# ? about lens: Vivitar 28-210 1:3.5-5.6



## jess28 (Jul 30, 2009)

I ran across an inexpensive lens on Craigslist and after Googling I can't come up with much information about it.

It is a Vivitar 28-210 1:3.5-5.6 AF.  Can anyone tell me anything about this and what would be a fair price on it?


----------



## benhasajeep (Jul 30, 2009)

Vivitar is a brand name.  They make no lenses.  It's probably a Cosina 28-210 with Vivitar name on it. Also sold under the Phoenix name same specs.  List price is about $130 retail.  So, its a very inexpensive lens.


----------



## jess28 (Jul 30, 2009)

Thanks Ben!  They are asking $100 for it.  I've been trying to find another fairly cheap lens for walk around use.  Off to Google again.  Thanks!


----------



## benhasajeep (Jul 30, 2009)

jess28 said:


> Thanks Ben! They are asking $100 for it. I've been trying to find another fairly cheap lens for walk around use. Off to Google again.
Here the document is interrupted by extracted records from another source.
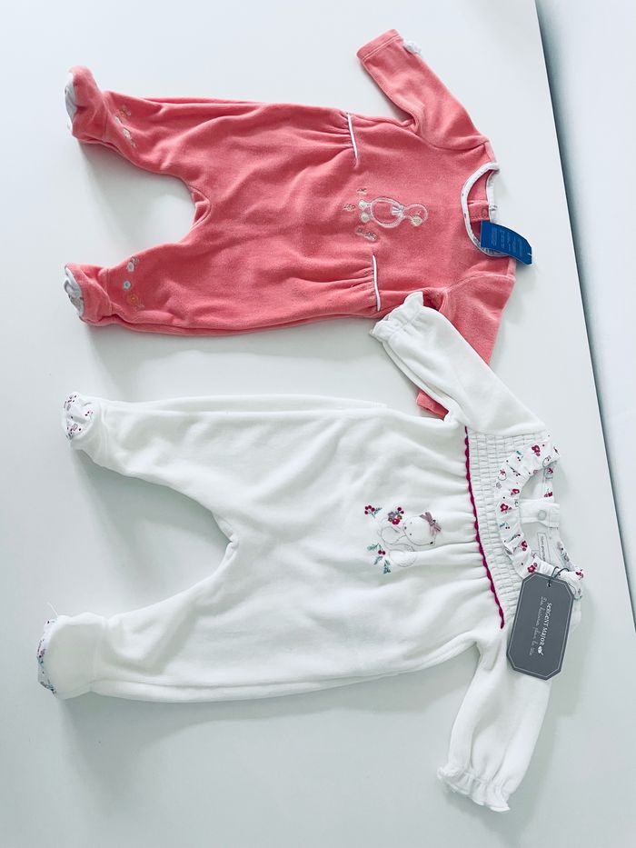 Magnifique lot de deux pyjamas en velours de la marque Serge Major L’un est en taille naissance (50 cm) et l’autre est en taille 1 mois Article neuf avec étiquette
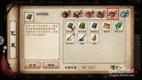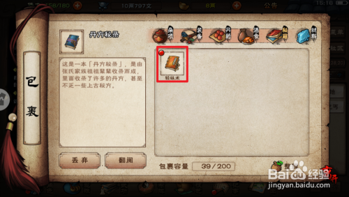 2.点击底部的【武功】,再点击【秘笈】,在秘笈里面找到这本【轻纵术】。
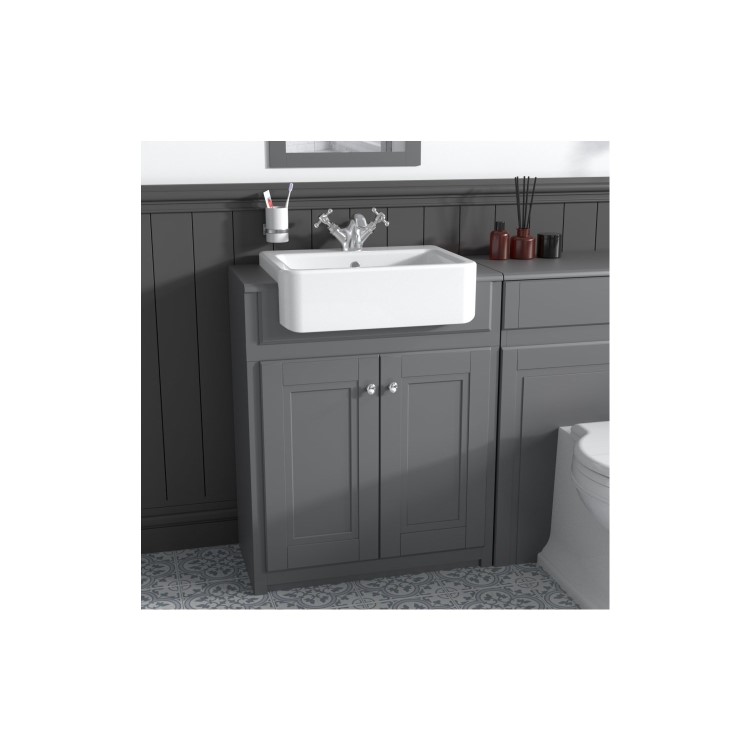 The Westbury traditional stone grey vanity unit with a glossy ceramic semi-recessed basin is the perfect transitional, traditional Vanity unit. Both the doors and front fascias feature a striking yet beautiful panelling design. The Westbury Range of delightful bathroom furniture hosts classic styling with practical storage solutions. The Vanity Unit features an internal shelf providing generous storage space for your toiletries, helping to keep your bathroom clutter-free. To maximise the amount of basin space for washing, the semi-recessed basin protrudes from the unit but is designed to look more purpose fitted.

Thanks!


 
Also I can only find manual focus lenses in this range for a search.

Since you have a D40 need to be careful that you get a lens with a motor in it, unless your willing to manual focus.

Since you already have a 28-300 your not going to find a much better lens for cheap even used.  Might want to look into picking up a 50mm f/1.8G.  About $140 new and its a nice fast lens.


----------



## jess28 (Jul 30, 2009)

Yeah, I only found manual focus when searchiing just now.  The guy swears it says AF on the lens, but then again, it is Craigslist so there's really no telling.  I really appreciate your help, I was getting nowhere on my own.


----------



## benhasajeep (Jul 30, 2009)

It could be an AF but it would most likely be a D type if it is a Nikon AF compatable lens.  It just probably not sold any more so hard to find.   And with the D40 it would not be AF.


----------



## benlonghair (Jul 30, 2009)

Ya, the d40/x/60/5000/3000 need AF-S or I (sigma calls it HSM, don't know what tamaron calls it) to auto focus. AF is a lens that will auto focus on a body with a motor, such as a D90/300/3/700


----------



## jess28 (Jul 30, 2009)

Thanks guys!  

I'm going to pass on it and look into the 50mm.  I had a "nifty fifty" for my Canon and really liked it.


----------



## benhasajeep (Jul 30, 2009)

jess28 said:


> Thanks guys!
> 
> I'm going to pass on it and look into the 50mm. I had a "nifty fifty" for my Canon and really liked it.


 
Doh, thought the 50mm f/1.8 was a G type.  It's an AF-D.  Which means no AF on your D40.

The 35mm f/1.8 is a G type.  That would be near 50mm coverage.  About $200 new.


----------